Agricultural fields create a patchwork landscape that increases the potential for domesticated crop DNA to flood wild plant gene pools. This allelic introgression can cause significant evolutionary change in wild plant populations, and jeopardize naturally occurring genetic material, which is needed for conservation and for future agricultural practices. The resulting changes in genetic diversity, which have been observed in common crop species like rice and cotton, reduce a population's ability to withstand sudden changes in the environment, such as climatic shifts, disease, and pest outbreaks.
Scientists have been tracking crop gene flow into the wild for years, but new research by Professor Lesley Campbell (Ryerson University) and colleagues found two major flaws in how crop gene escape is traditionally tracked, and inspired the formulation of a more sensitive method.
"The traditional scientific methods that measure allelic introgression are not sensitive enough to detect contamination in wild plants," notes Campbell. "Traditional methods are better at detecting decreases rather than increases in the genetic diversity, which could be more common, and detrimental, than previously thought."
As part of her research, Campbell pulled methods from a parallel field of study on global species invasions. The research team drew an analogy between species that invade geographical landscapes and crop genes that invade "genetic landscapes." Campbell used indices that measure species diversity before and after invasions and applied them to measure genetic diversity before and after crop hybridization. The new approach is demonstrated in a recent issue of Applications in Plant Sciences.
"This is the first time anyone has used species diversity metrics to detect shifts in genetic diversity when there is hybridization and gene flow occurring," says Campbell.
Campbell and colleagues compared the traditional indices with the species diversity indices using European wild and domesticated beets. They found that traditional methods could not detect a loss of rare, potentially crucial, alleles in wild populations. The traditional indices were less sensitive to detecting hybridization, while the new approach was able to detect increased genetic diversity and increased genetic similarity of hybridizing populations to beet cultivars.
Campbell explains that an increase in wild plant genetic diversity can be detrimental if the quality of genetic material changes. A shift in the genetic composition of wild beet populations can lead to traits that negatively alter their evolutionary trajectory and eventually swamp out their original genetic material.
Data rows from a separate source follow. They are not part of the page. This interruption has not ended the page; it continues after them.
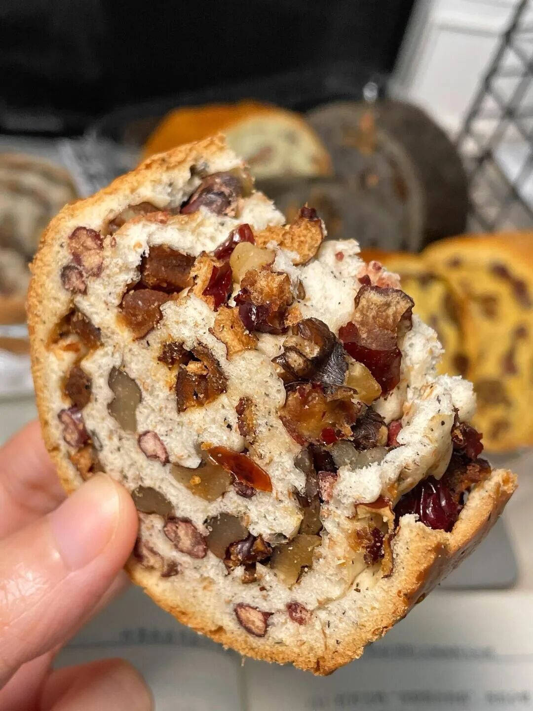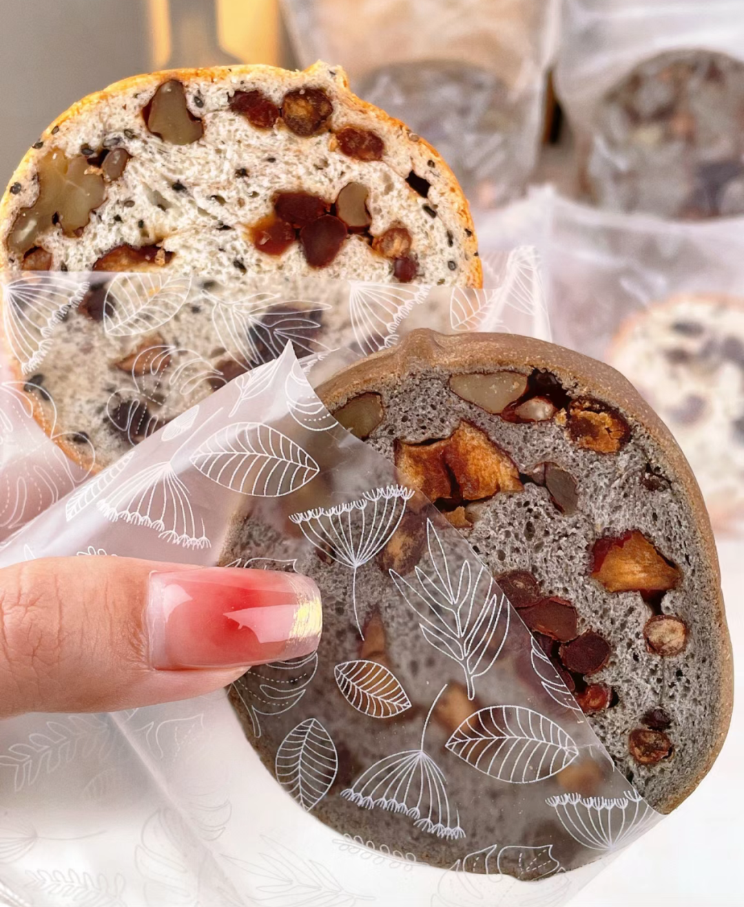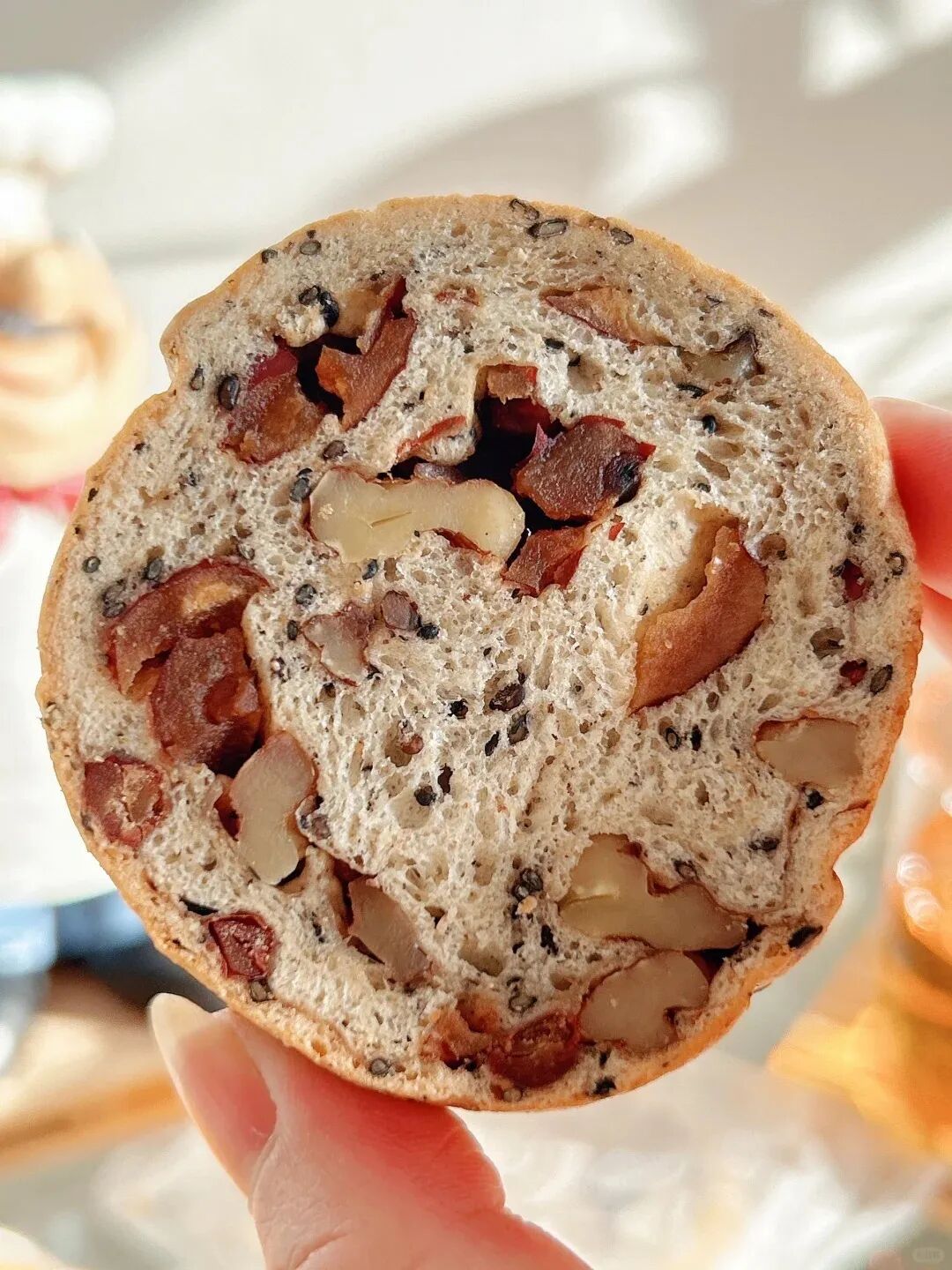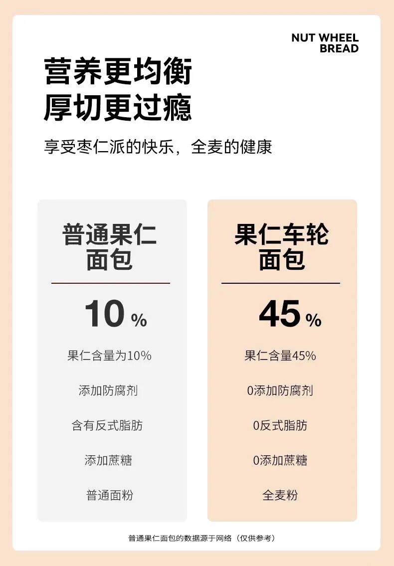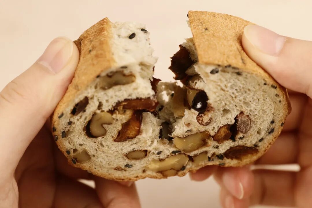 ?45%的坚果果仁含量 并且保留了果仁的颗粒感 口口能吃到料,酥脆美味?? ??看的到吃的到的才是真的好面包 这个车轮果仁面包 ??都是整颗的坚果果仁包进去的 没有像那些沙拉酱那样看不见的科技狠活
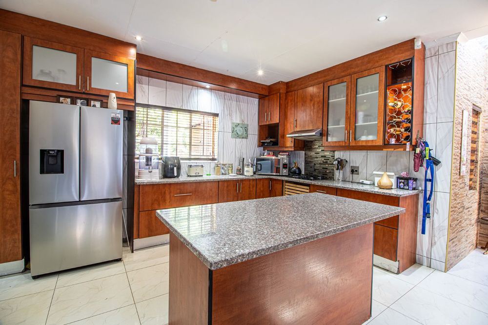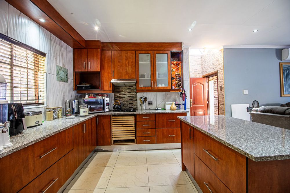 The modern, expansive open-plan kitchen features beautiful cherry wood cupboards and sleek granite countertops. Immaculately finished, this stylish property offers a warm and inviting atmosphere.
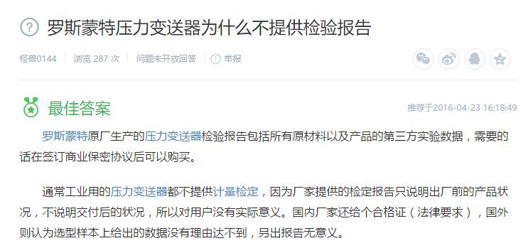 3、羅斯蒙特壓力變送器為什么不提供檢驗報告?
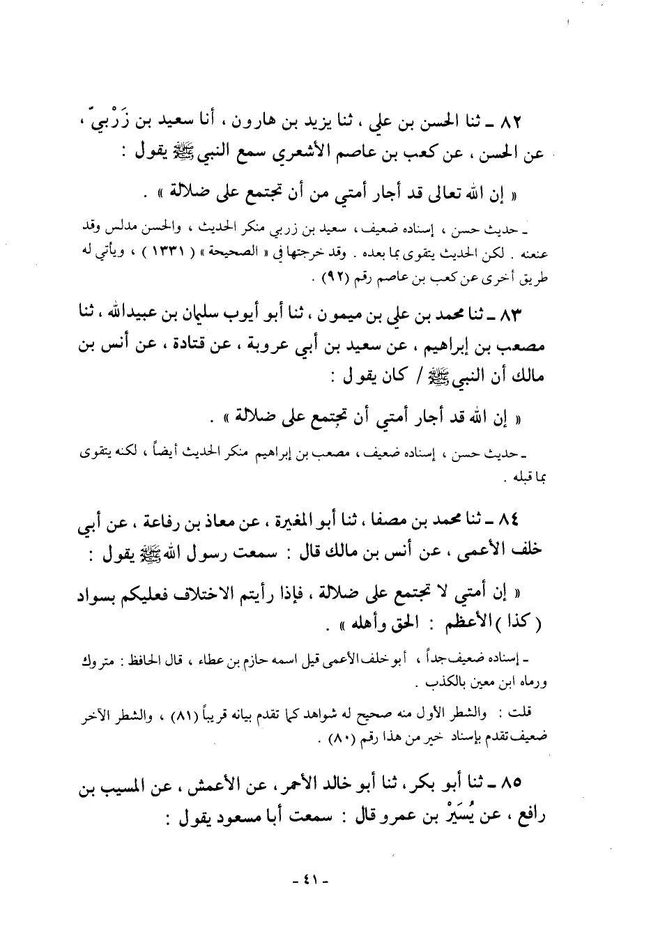"إِنَّ أُمَّتِي لا تَجْتَمِعُ عَلَى ضَلالَةٍ فَإِذَا رَأَيْتُمُ الاخْتِلافَ فَعَلَيْكُمْ بِسَوَادِ "كذا" الأعظم: الحق وأهله".
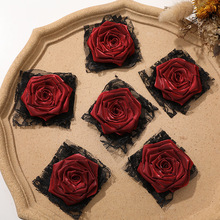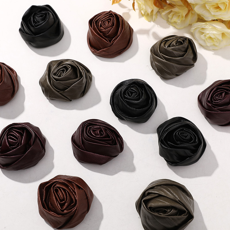 美拉德玫瑰秋冬氛围感皮质花苞diy甜辣少女卷花边夹发圈服饰配件
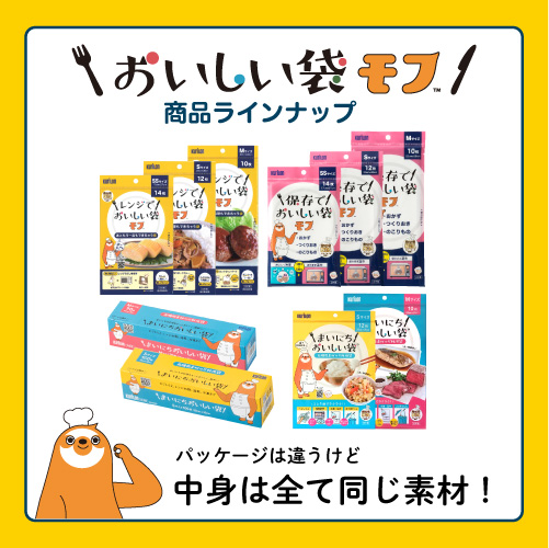 Q:それぞれの商品に違いはありますか? A:「まいにちおいしい袋」「レンジでおいしい袋モフ」「保存でおいしい袋モフ」は、すべて同じ素材です。 用途がわかりやすいようにパッケージデザインや商品名を変えています。
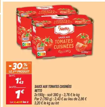Netto sauce aux tomates cuisinées : offres et promos Netto à découvrir
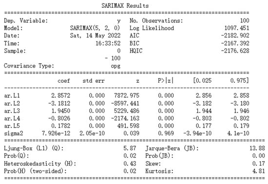 Maximum likelihood estimation is selected for parameter estimation. It is suitable for estimation with large samples as the idea of this method is that the current training sample distribution can represent the population distribution. Figure 9 shows the results of parameter estimation. Among them, coef. Is the list of the model coefficients, where ar.L1 to ar.L5 correspond to to and sigma 2 corresponds to in Equation (8).
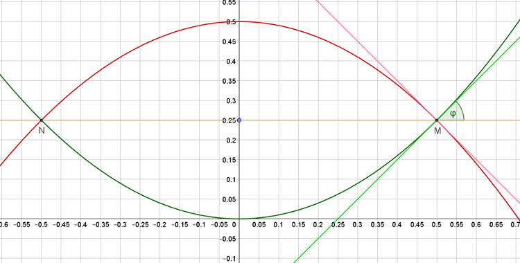 Ha meghatározzuk az \(\displaystyle M\) pontban az \(\displaystyle y=x^2\) parabola érintőjének \(\displaystyle φ\) irányszögét, akkor a szimmetria miatt az érintők által bezárt szög az \(\displaystyle M\) és \(\displaystyle N\) pontban is \(\displaystyle 2φ\) lesz.

For example, hybrid beet populations only contained 25% of the rare alleles found in wild beet populations that had no crop gene contamination.
An inability to detect crop-wild hybridization prevents proper preservation of naturally occurring genetic diversity and material. Campbell affirms, "The new method is a more sensitive approach to use for risk assessment of the escape of crop transgenes prior to their release into the environment." The method should be used to test and re-test agricultural systems where there are baseline expectations about the wild plant genetic makeup that should be maintained.
Lesley G. Campbell, David Lee, Kruti Shukla, Thomas A. Waite, and Detlef Bartsch. An ecological approach to measuring the evolutionary consequences of gene flow from crops to wild or weedy relatives. Applications in Plant Sciences 4(3): 1500114. doi: 10.3732/apps.1500114.
Applications in Plant Sciences (APPS) is a monthly, peer-reviewed, open access journal focusing on new tools, technologies, and protocols in all areas of the plant sciences. It is published by the Botanical Society of America, a nonprofit membership society with a mission to promote botany, the field of basic science dealing with the study and inquiry into the form, function, development, diversity, reproduction, evolution, and uses of plants and their interactions within the biosphere. APPS is available as part of BioOne's Open Access collection.